------ DATA UNDER STUDY

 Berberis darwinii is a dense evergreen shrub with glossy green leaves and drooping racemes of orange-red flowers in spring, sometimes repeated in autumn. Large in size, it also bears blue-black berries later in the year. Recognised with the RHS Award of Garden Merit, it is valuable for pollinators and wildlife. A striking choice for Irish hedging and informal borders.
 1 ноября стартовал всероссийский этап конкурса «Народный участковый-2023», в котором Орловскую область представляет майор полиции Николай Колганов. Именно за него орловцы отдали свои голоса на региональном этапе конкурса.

------------
------ DATA UNDER STUDY

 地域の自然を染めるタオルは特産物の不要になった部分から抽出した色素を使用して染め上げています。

------------
------ DATA UNDER STUDY

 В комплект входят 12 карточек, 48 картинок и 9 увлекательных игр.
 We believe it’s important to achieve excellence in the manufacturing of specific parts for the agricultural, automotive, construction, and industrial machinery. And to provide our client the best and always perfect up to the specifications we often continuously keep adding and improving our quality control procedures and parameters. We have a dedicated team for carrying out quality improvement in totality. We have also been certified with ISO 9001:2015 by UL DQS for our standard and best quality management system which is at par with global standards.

------------

*WHAT TO PRODUCE*:
Retype, exactly and in full, the lines above from the one containing "Berberis darwinii is" through the one containing "1 ноября стартовал".

*WRITTEN ANSWER*:
 Berberis darwinii is a dense evergreen shrub with glossy green leaves and drooping racemes of orange-red flowers in spring, sometimes repeated in autumn. Large in size, it also bears blue-black berries later in the year. Recognised with the RHS Award of Garden Merit, it is valuable for pollinators and wildlife. A striking choice for Irish hedging and informal borders.
 1 ноября стартовал всероссийский этап конкурса «Народный участковый-2023», в котором Орловскую область представляет майор полиции Николай Колганов. Именно за него орловцы отдали свои голоса на региональном этапе конкурса.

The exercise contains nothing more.